The above quote is my best summary of what I understand about addiction. It is always a replacement for God, we know that. But it is distinctly a replacement for the joy we are not experiencing in relationship with God.
God is the most joyful person. Period. He just is. In his presence there is fullness of joy, and at his right hand are pleasures forevermore (which just happens to be where Jesus is sitting!).[1]
God is also the most loving person. It’s who he is.[2] He is a person filled with desires for the greatest of good things in and for his children. He can’t desire anything less than the best.
When God created man in his own image and likeness,[3] it included this quality, that he made us to be joyfully beloved. Feeling loved by God should make us joyful beyond our wildest imaginings (hence Satan’s constant attacks on whether God is a loving person).

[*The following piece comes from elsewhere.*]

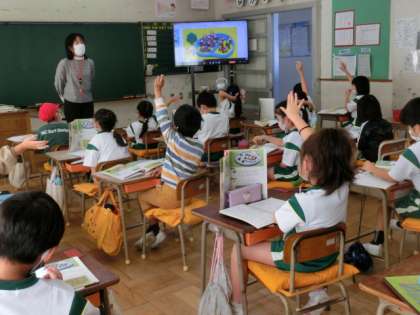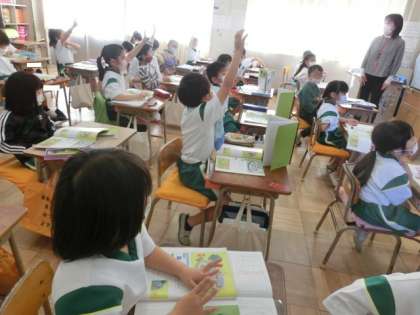 1年生は2時間目に算数の授業でした。1組は、岩にいるさると木にいるさるの絵をもとにして、たし算の式になるのか、引き算の式になるのかを考えていました。

Feeling joyful can only reach its highest fulfillment when it is how we feel because of how we are loved by our heavenly Father.
In the past three decades, a key component of my walk with God has been exploring why church-folk are so committed to self-protection instead of knowing and doing the will of God. Along the way I have been learning about the terrible trauma that has left so many of God’s children believing they are worthless and feeling hopeless that this condition will ever change.
Which has brought me to see how much of church-life is ruled by people’s addictions rather than their attachments to God and his people. After all, religious addictions are often the most difficult to admit.
Now that I can accept that this is a legitimate and serious problem in the church, it makes me all the more excited about the thing we call “the gospel”. From its very first announcement, it is a message of, “good news of great joy that will be for all the people. For unto you is born this day in the city of David a Savior, who is Christ the Lord.”[4]
Why do so many church-folk who say they believe this good news live as if they have never experienced this great joy? If everyone who believes in Jesus should be able to, “rejoice with joy that is inexpressible and filled with glory,”[5] why is there so little joy when people talk about their relationship with God?
It seems that the proliferation of traumatic experiences imprison church-folk from admitting they are sinners in need of a Savior. Satan has blinded their eyes with the belief that God couldn’t love someone like them, and because they can’t believe the essential reality of the good news that, “God so loved the world that he gave,”[6] they can’t let themselves believe that there is a Savior for them as much as anyone else (even when they have a basic belief that the Bible is true).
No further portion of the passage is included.